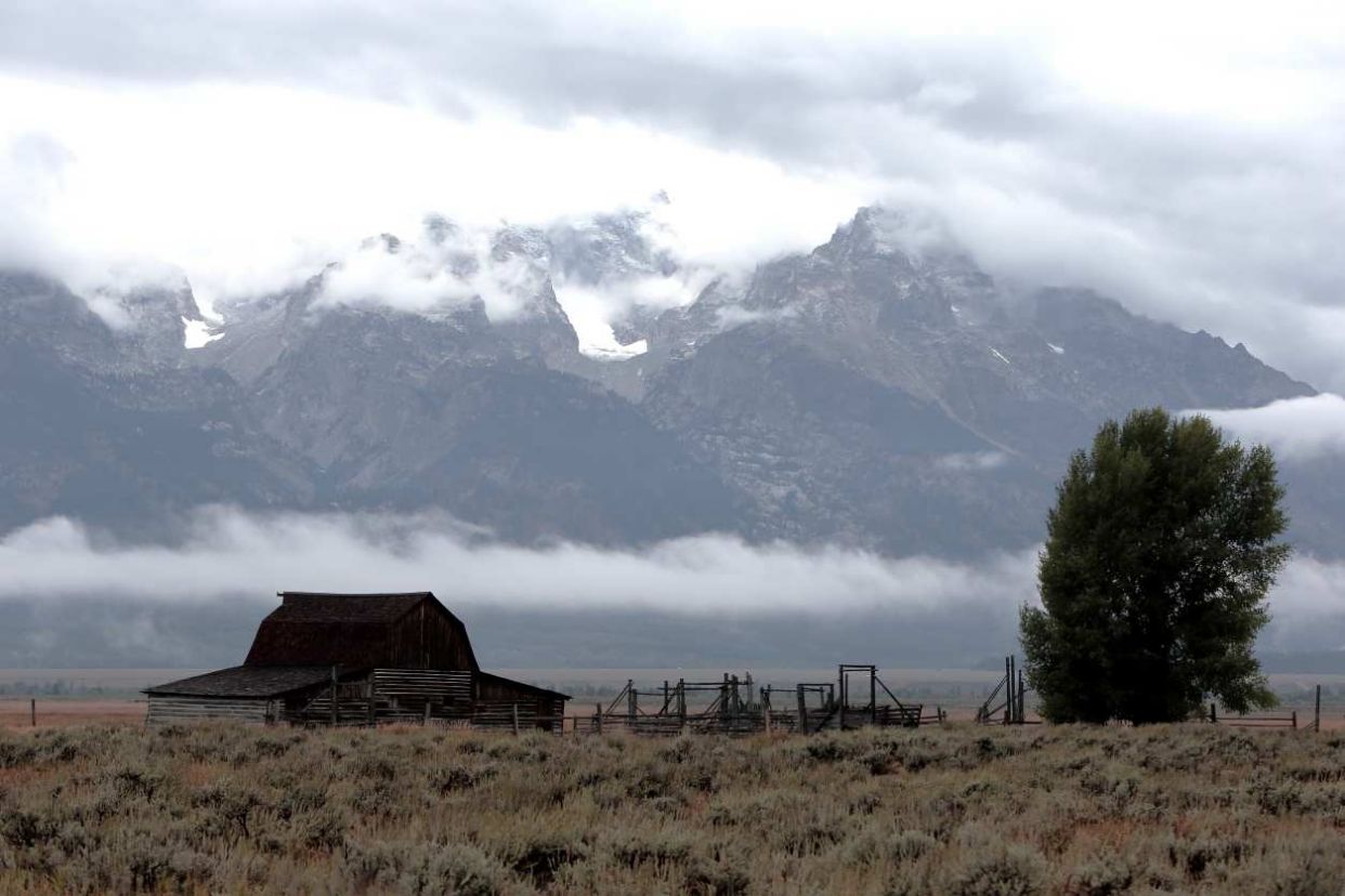 Pluie et neige au programme, bien triste temps mais il nous en faut plus pour ne pas partir dans le Yellowstone. Nous sommes d'attaque pour partir à 7h45 direction le nord sauf que des visiteurs non prévus nous attendent à la sortie du campground, trois magnifiques moose qui se laissent photographier au plus proche. Et c'est reparti pour le nord des Grand Teton, un nouveau stop à la grange des mormons s'impose mais que c'est bouché tout là haut, pas grave nous faisons quelques photos. Nous sommes complètement effarés par la foule qui sillonne ici, c'est du flux continu dans les deux sens, jamais nous avons vu cela, nous commençons à nous poser des questions sur les emplacements pour ce soir. Nous filons maintenant vers l'entrée du Yellowstone, nous y ferons la queue pour passer, aie aie aie, c'est grave.
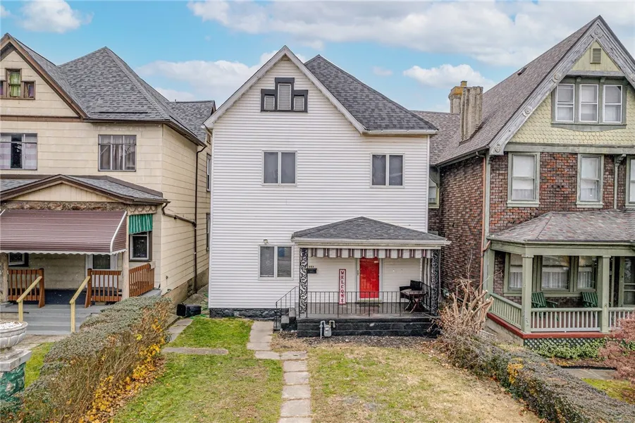HUGE move in ready 5 bedroom beauty with fresh paint, flooring, carpet, sizeable kitchen ready perfect for hosting holiday meals, new roof, new windows on the 3rd floor, 1.5 baths both refreshed, huge deck overlooking the flat & useable back yard. Complete with front porch that will be your favorite place to gather in the summertime. Come make this yours for the new year!
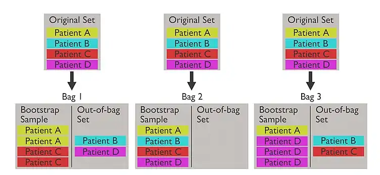 This example shows how bagging could be used in the context of diagnosing disease. A set of patients are the original dataset, but each model is trained only by the patients in its bag. The patients in each out-of-bag set can be used to test their respective models. The test would consider whether the model can accurately determine if the patient has the disease.
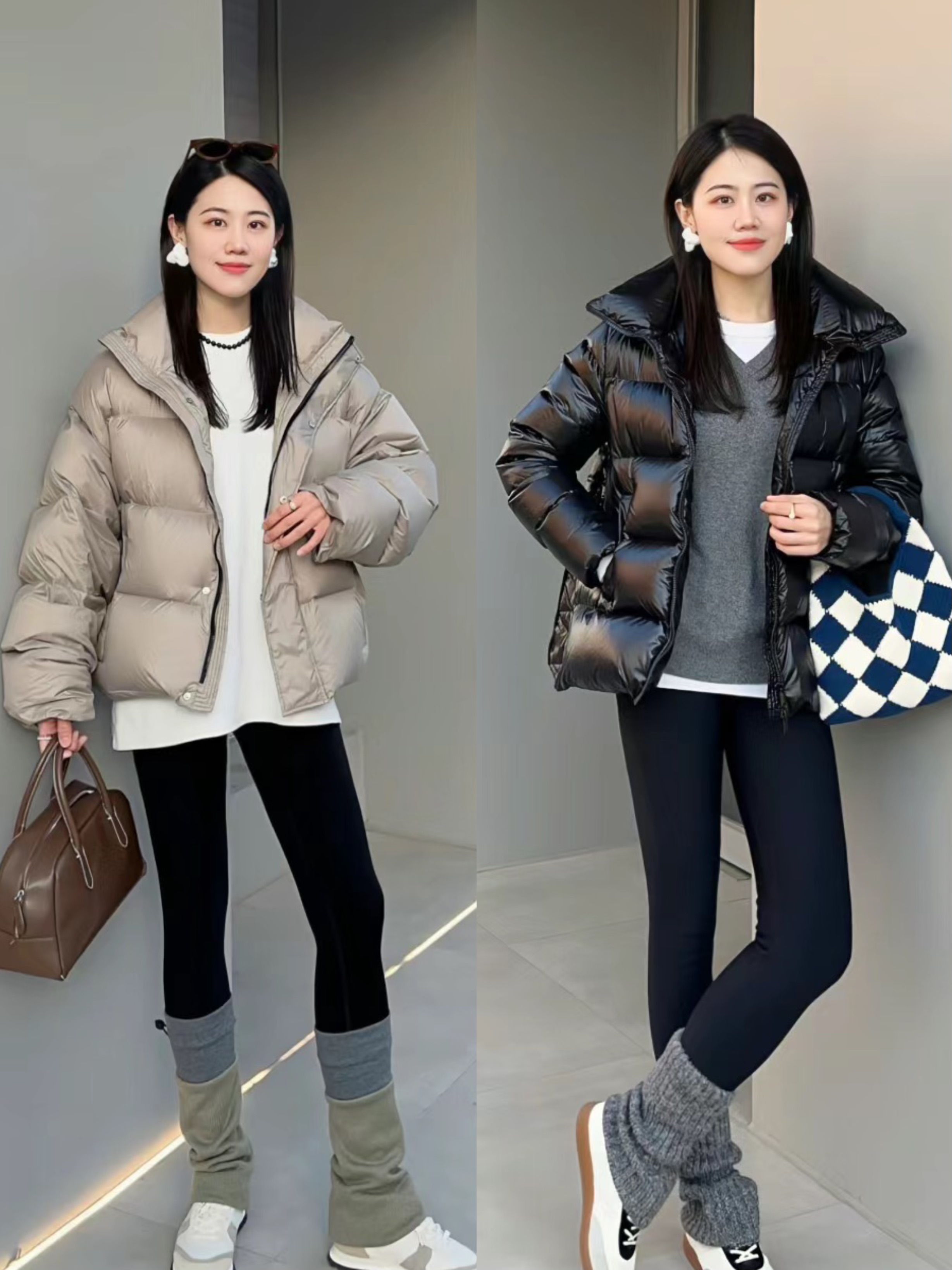 如果想要一種利落大方的美,同時自己的腿型也比較優越的話。我們可以用短款的羽絨服來搭配鯊魚褲。
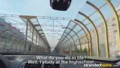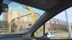 Uma jovem morena está esperando seu ônibus e pega carona com um rapaz que vai conseguir que ela dê uma chupada e fique de 4 dentro para comer sua xoxota!
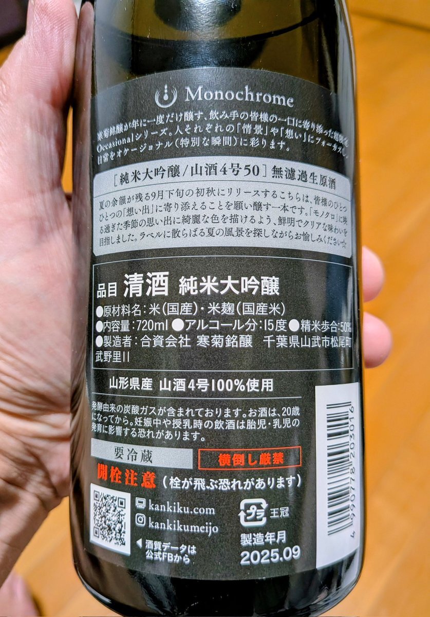 先週の千葉酒おりがらみ飲み比べに続きチョーシに乗って電照菊の無濾過生原酒 香りは大人しいが厚み多めかつ果実感充実の大吟醸。これが刺身にばっちり合うんだな🐟直汲みっぽい泡感もプラス評価。これは飲みすぎるヤバい酒だ🍶 #寒菊銘醸 #千葉酒 #降矢酒店 pic.x.com/vz0LjCMG5r
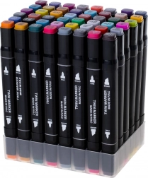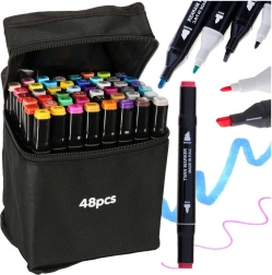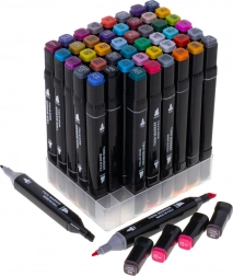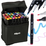 Discover the joy of color with this versatile set of 48 alcohol markers. Two tips on each marker — a wide chisel for filling larger areas and a fine tip for detailed lines — give you the freedom to create illustrations, sketches, comics, and lettering.
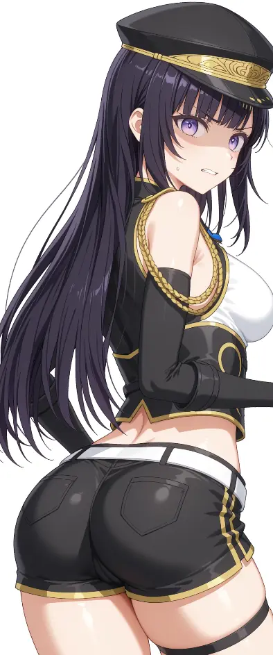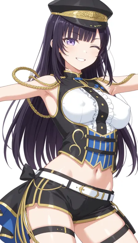 black headwear, peaked cap, white shirt, sleeveless shirt, midriff, covered nipples, navel, aiguillette, epaulettes, black gloves, elbow gloves,
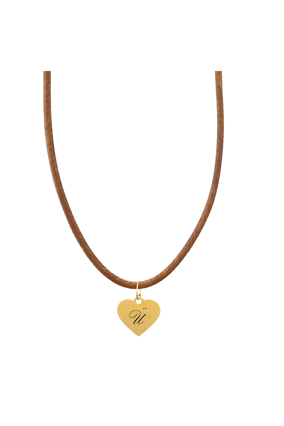 14 Ayar Altın Plakalı Ü Harfine Özel Kahverengi Derili Kalp Figürlü Hediyelik Kolye-550harf 14 Ayar Altın Plakalı Ü Harfine Özel Kahverengi Derili Kalp Figürlü Hediyelik Kolye-550harf 550-fekakk-lufka-MO2 43 cm
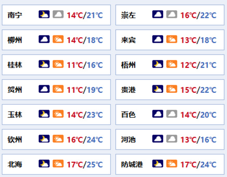 南宁市:多云到阴天、局地有小雨,东北风2~3级,最低气温14℃,最高气温21℃。
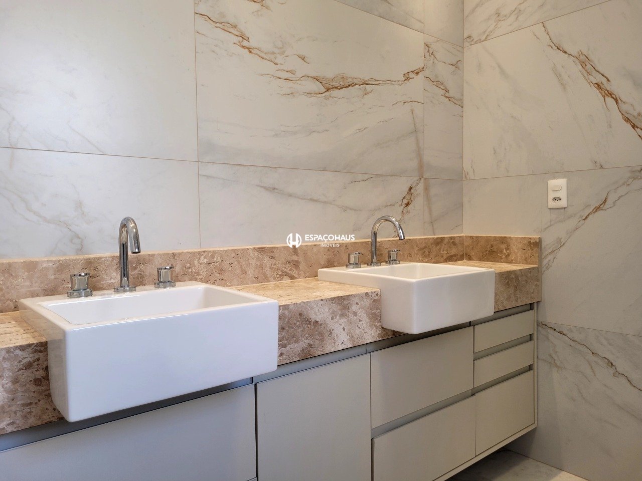 - Banheiro da suíte master com banho e cuba dupla;
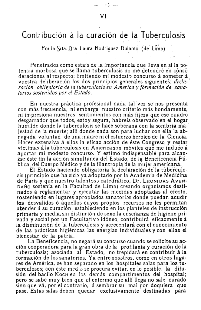 Ponencia ofrecida por Laura Esther Rodríguez Dulanto en el Quinto Congreso Médico Latino Americano (Sexto Panamericano), organizado en Lima entre el 9 y 16 de noviembre de 1913. Dicha ponencia se refiere a los principios generales de la tuberculosis, como la declaración obligatoria de la tuberculosis en América y a la conformación de sanatorios apoyados por el Estado. Para esta época, la tuberculosis fue considerada como una enfermedad de muerte sombría. En efecto, la autora se refiere a 3 contribuciones para hacer frente a esta enfermedad: la acción del Estado, el apoyo de la Beneficencia Pública y el Cuerpo Médico en aspectos de establecimientos y tratamiento y a la filantropía de la mujer americana.
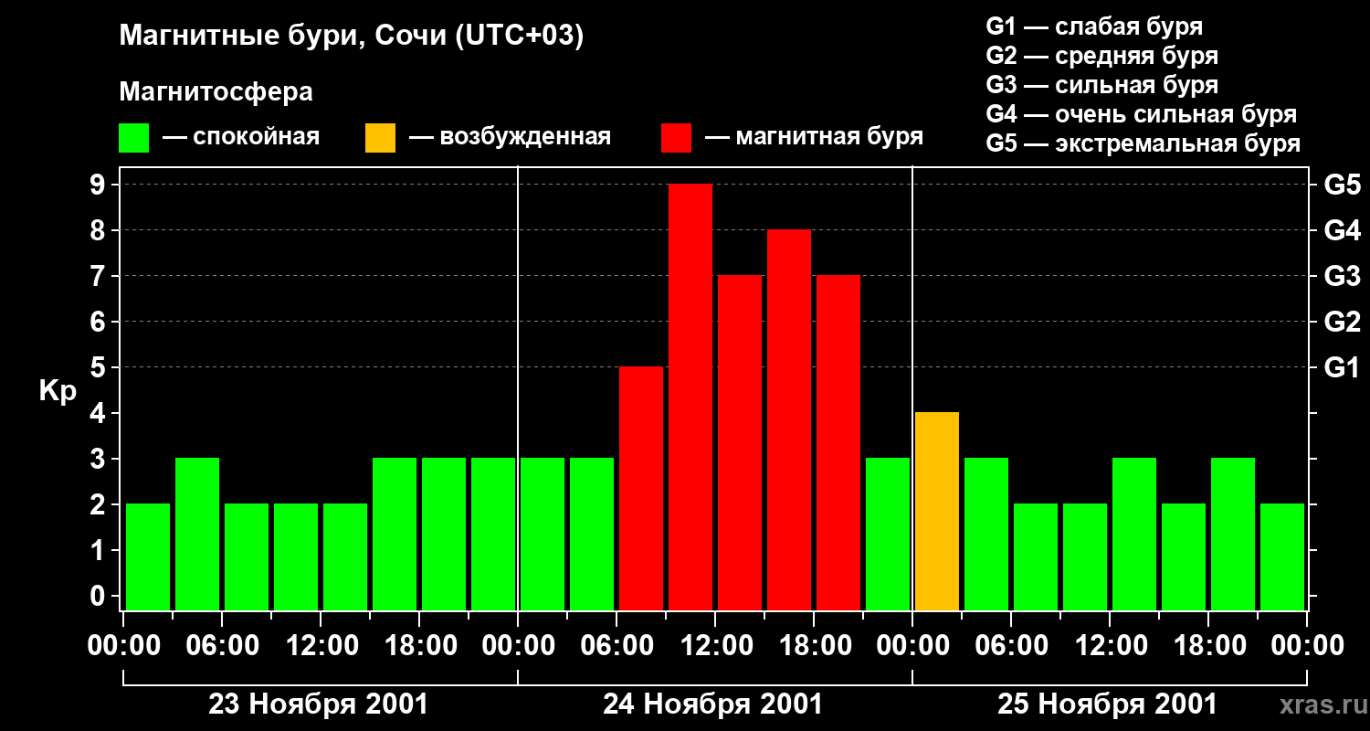 Изменения геомагнитного индекса Kp с 23 по 25 ноября 2001 года для средних широт
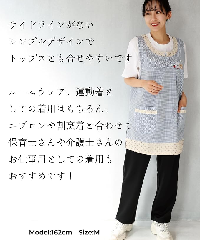 【お仕事用にもオススメ】ルームウェア、運動着としての着用はもちろん、エプロンや割烹着と合わせて保育士さんや介護士さんのお仕事用の着用もおすすめです。
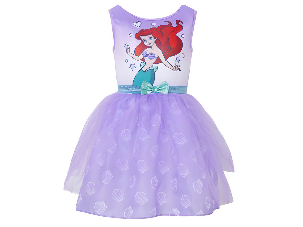 Pohádkové šaty s nadýchanou sukní a potiskem oblíbené mořské víly. Díky použitému materiálu se nemačkají, snadno se udržují, nežmolkují a jsou lehoučké. Hodí se karneval, narozeninovou oslavu, na focení nebo jen tak pro radost.
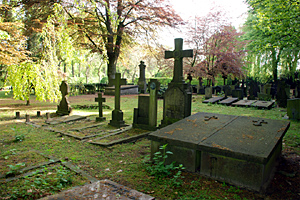 InleidingEnigszins afgescheiden van de rest vinden we in de noordoosthoek van het terrein de begraafplaats van Coudewater, toegankelijk via een smeedijzeren vleugelhek tussen bakstenen pilaren. Pontificaal op de as van het middenpad twee achter elkaar gesitueerde GRAFMONUMENTEN van de stichters, waarin hun vrouwen later zijn bijgezet. Aan weerszijden voornamelijk zustersgraven. Het graf van Van den Bogaert vertoont invloeden van het Eclecticisme en stamt uit 1880; het graf van Pompe, een Neo-renaissancistisch ontwerp, dateert uit 1901. De witmarmeren plaquettes ter nagedachtenis aan hun echtgenotes zijn toegevoegd in respectievelijk 1899 en 1908. Dr. E. van den Bogaert en Dr. L. Pompe, voorheen verbonden aan het Geneeskundig Gesticht Reinier van Arkel in Den Bosch, waren de initiatiefnemers voor Coudewater en hebben de psychiatrische inrichting in 1870 gesticht.OmschrijvingHet graf van Van den Bogaert bestaat uit een lage, licht oplopende hardstenen graftombe op rechthoekig grondplan. Symmetrisch. Overstekende dekplaat, omrand met lijst sierlijk gebeitelde florale motieven. Epitaaf: 'HULDE AAN DR. E.A.P. VAN DEN BOGAERT / STICHTER / EN / EERSTE GENEESHEER DIRECTEUR / DER / GENEESKUNDIGE INRICHTING / COUDEWATER [...]'.Op het graf van Pompe staat een smal hardstenen grafmonument op een rechthoekige plattegrond. Het is symmetrisch en frontaal gericht en rijst hoog op waarbij het door versnijdingen en verjongingen steeds smaller wordt. Bekroning met ezelsrug. Plaquette met epitaaf aan de voorzijde: 'DR. L. TH. POMPE / MEDE OPRICHTER / VAN HET GESTICHT / COUDEWATER [...]', bekroond met een guirlande en een kruisvorm waartussen florale decoraties. WaarderingHet tweetal grafmonumenten is van algemeen belang. Het bezit cultuurhistorische waarden als bijzondere uitdrukking van de herinneringscultus ter nagedachtenis aan de stichters van Coudewater; als bijzondere uitdrukking van de grafcultuur binnen de geestelijke gezondheidszorg; als uitdrukking van de rooms-katholieke emancipatie. Het bezit tezamen met de rest van de begraafplaats en de overige tot Coudewater behorende objecten ensemblewaarden als essentieel onderdeel van een historisch gegroeid ensemble in de geestelijke gezondheidszorg.Daarnaast vanwege de situering op een plek in de noordoostelijke hoek van het terrein, verbonden met de verdere uitleg van het complex en verder als markant onderdeel van de historische bebouwing aan de P. de Gorterstraat. Het is van belang wegens de gaafheid. |
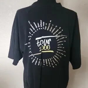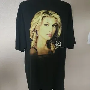 Stylish black men's tee featuring Faith Hill Concert 2000. Perfect for everyday casual wear. Notice in photo a small hole and stain in front.
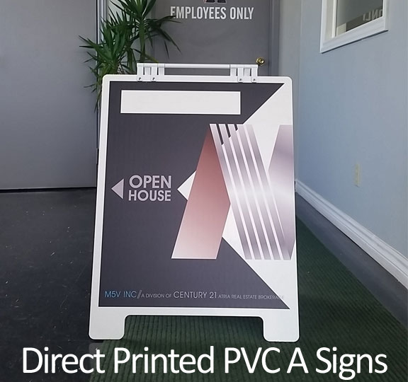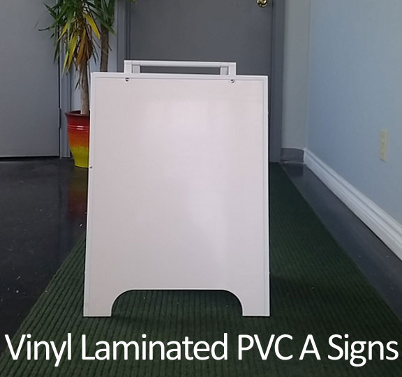Durable aluminum hinge handles with more sturdier aluminum fastening tabs compared with traditional plastic tabs. White coated metal edge caps wrapped more long-lasting than PVC edge caps. Advanced and easy assemble from rivets to screws. Improved and stronger metal chain keeps sign from collapsing. Also available direct printed PVC A-boards

(Work to complete):
Print all entries exactly, without images.

(Exercise response):
 Pluie et neige au programme, bien triste temps mais il nous en faut plus pour ne pas partir dans le Yellowstone. Nous sommes d'attaque pour partir à 7h45 direction le nord sauf que des visiteurs non prévus nous attendent à la sortie du campground, trois magnifiques moose qui se laissent photographier au plus proche. Et c'est reparti pour le nord des Grand Teton, un nouveau stop à la grange des mormons s'impose mais que c'est bouché tout là haut, pas grave nous faisons quelques photos. Nous sommes complètement effarés par la foule qui sillonne ici, c'est du flux continu dans les deux sens, jamais nous avons vu cela, nous commençons à nous poser des questions sur les emplacements pour ce soir. Nous filons maintenant vers l'entrée du Yellowstone, nous y ferons la queue pour passer, aie aie aie, c'est grave.
HUGE move in ready 5 bedroom beauty with fresh paint, flooring, carpet, sizeable kitchen ready perfect for hosting holiday meals, new roof, new windows on the 3rd floor, 1.5 baths both refreshed, huge deck overlooking the flat & useable back yard. Complete with front porch that will be your favorite place to gather in the summertime. Come make this yours for the new year!
 This example shows how bagging could be used in the context of diagnosing disease. A set of patients are the original dataset, but each model is trained only by the patients in its bag. The patients in each out-of-bag set can be used to test their respective models. The test would consider whether the model can accurately determine if the patient has the disease.
 如果想要一種利落大方的美,同時自己的腿型也比較優越的話。我們可以用短款的羽絨服來搭配鯊魚褲。
 Uma jovem morena está esperando seu ônibus e pega carona com um rapaz que vai conseguir que ela dê uma chupada e fique de 4 dentro para comer sua xoxota!
 先週の千葉酒おりがらみ飲み比べに続きチョーシに乗って電照菊の無濾過生原酒 香りは大人しいが厚み多めかつ果実感充実の大吟醸。これが刺身にばっちり合うんだな🐟直汲みっぽい泡感もプラス評価。これは飲みすぎるヤバい酒だ🍶 #寒菊銘醸 #千葉酒 #降矢酒店 pic.x.com/vz0LjCMG5r
 Discover the joy of color with this versatile set of 48 alcohol markers. Two tips on each marker — a wide chisel for filling larger areas and a fine tip for detailed lines — give you the freedom to create illustrations, sketches, comics, and lettering.
 black headwear, peaked cap, white shirt, sleeveless shirt, midriff, covered nipples, navel, aiguillette, epaulettes, black gloves, elbow gloves,
 14 Ayar Altın Plakalı Ü Harfine Özel Kahverengi Derili Kalp Figürlü Hediyelik Kolye-550harf 14 Ayar Altın Plakalı Ü Harfine Özel Kahverengi Derili Kalp Figürlü Hediyelik Kolye-550harf 550-fekakk-lufka-MO2 43 cm
 南宁市:多云到阴天、局地有小雨,东北风2~3级,最低气温14℃,最高气温21℃。
 - Banheiro da suíte master com banho e cuba dupla;
 Ponencia ofrecida por Laura Esther Rodríguez Dulanto en el Quinto Congreso Médico Latino Americano (Sexto Panamericano), organizado en Lima entre el 9 y 16 de noviembre de 1913. Dicha ponencia se refiere a los principios generales de la tuberculosis, como la declaración obligatoria de la tuberculosis en América y a la conformación de sanatorios apoyados por el Estado. Para esta época, la tuberculosis fue considerada como una enfermedad de muerte sombría. En efecto, la autora se refiere a 3 contribuciones para hacer frente a esta enfermedad: la acción del Estado, el apoyo de la Beneficencia Pública y el Cuerpo Médico en aspectos de establecimientos y tratamiento y a la filantropía de la mujer americana.
 Изменения геомагнитного индекса Kp с 23 по 25 ноября 2001 года для средних широт
 【お仕事用にもオススメ】ルームウェア、運動着としての着用はもちろん、エプロンや割烹着と合わせて保育士さんや介護士さんのお仕事用の着用もおすすめです。
 Pohádkové šaty s nadýchanou sukní a potiskem oblíbené mořské víly. Díky použitému materiálu se nemačkají, snadno se udržují, nežmolkují a jsou lehoučké. Hodí se karneval, narozeninovou oslavu, na focení nebo jen tak pro radost.
 InleidingEnigszins afgescheiden van de rest vinden we in de noordoosthoek van het terrein de begraafplaats van Coudewater, toegankelijk via een smeedijzeren vleugelhek tussen bakstenen pilaren. Pontificaal op de as van het middenpad twee achter elkaar gesitueerde GRAFMONUMENTEN van de stichters, waarin hun vrouwen later zijn bijgezet. Aan weerszijden voornamelijk zustersgraven. Het graf van Van den Bogaert vertoont invloeden van het Eclecticisme en stamt uit 1880; het graf van Pompe, een Neo-renaissancistisch ontwerp, dateert uit 1901. De witmarmeren plaquettes ter nagedachtenis aan hun echtgenotes zijn toegevoegd in respectievelijk 1899 en 1908. Dr. E. van den Bogaert en Dr. L. Pompe, voorheen verbonden aan het Geneeskundig Gesticht Reinier van Arkel in Den Bosch, waren de initiatiefnemers voor Coudewater en hebben de psychiatrische inrichting in 1870 gesticht.OmschrijvingHet graf van Van den Bogaert bestaat uit een lage, licht oplopende hardstenen graftombe op rechthoekig grondplan. Symmetrisch. Overstekende dekplaat, omrand met lijst sierlijk gebeitelde florale motieven. Epitaaf: 'HULDE AAN DR. E.A.P. VAN DEN BOGAERT / STICHTER / EN / EERSTE GENEESHEER DIRECTEUR / DER / GENEESKUNDIGE INRICHTING / COUDEWATER [...]'.Op het graf van Pompe staat een smal hardstenen grafmonument op een rechthoekige plattegrond. Het is symmetrisch en frontaal gericht en rijst hoog op waarbij het door versnijdingen en verjongingen steeds smaller wordt. Bekroning met ezelsrug. Plaquette met epitaaf aan de voorzijde: 'DR. L. TH. POMPE / MEDE OPRICHTER / VAN HET GESTICHT / COUDEWATER [...]', bekroond met een guirlande en een kruisvorm waartussen florale decoraties. WaarderingHet tweetal grafmonumenten is van algemeen belang. Het bezit cultuurhistorische waarden als bijzondere uitdrukking van de herinneringscultus ter nagedachtenis aan de stichters van Coudewater; als bijzondere uitdrukking van de grafcultuur binnen de geestelijke gezondheidszorg; als uitdrukking van de rooms-katholieke emancipatie. Het bezit tezamen met de rest van de begraafplaats en de overige tot Coudewater behorende objecten ensemblewaarden als essentieel onderdeel van een historisch gegroeid ensemble in de geestelijke gezondheidszorg.Daarnaast vanwege de situering op een plek in de noordoostelijke hoek van het terrein, verbonden met de verdere uitleg van het complex en verder als markant onderdeel van de historische bebouwing aan de P. de Gorterstraat. Het is van belang wegens de gaafheid. |
 Stylish black men's tee featuring Faith Hill Concert 2000. Perfect for everyday casual wear. Notice in photo a small hole and stain in front.
Durable aluminum hinge handles with more sturdier aluminum fastening tabs compared with traditional plastic tabs. White coated metal edge caps wrapped more long-lasting than PVC edge caps. Advanced and easy assemble from rivets to screws. Improved and stronger metal chain keeps sign from collapsing. Also available direct printed PVC A-boards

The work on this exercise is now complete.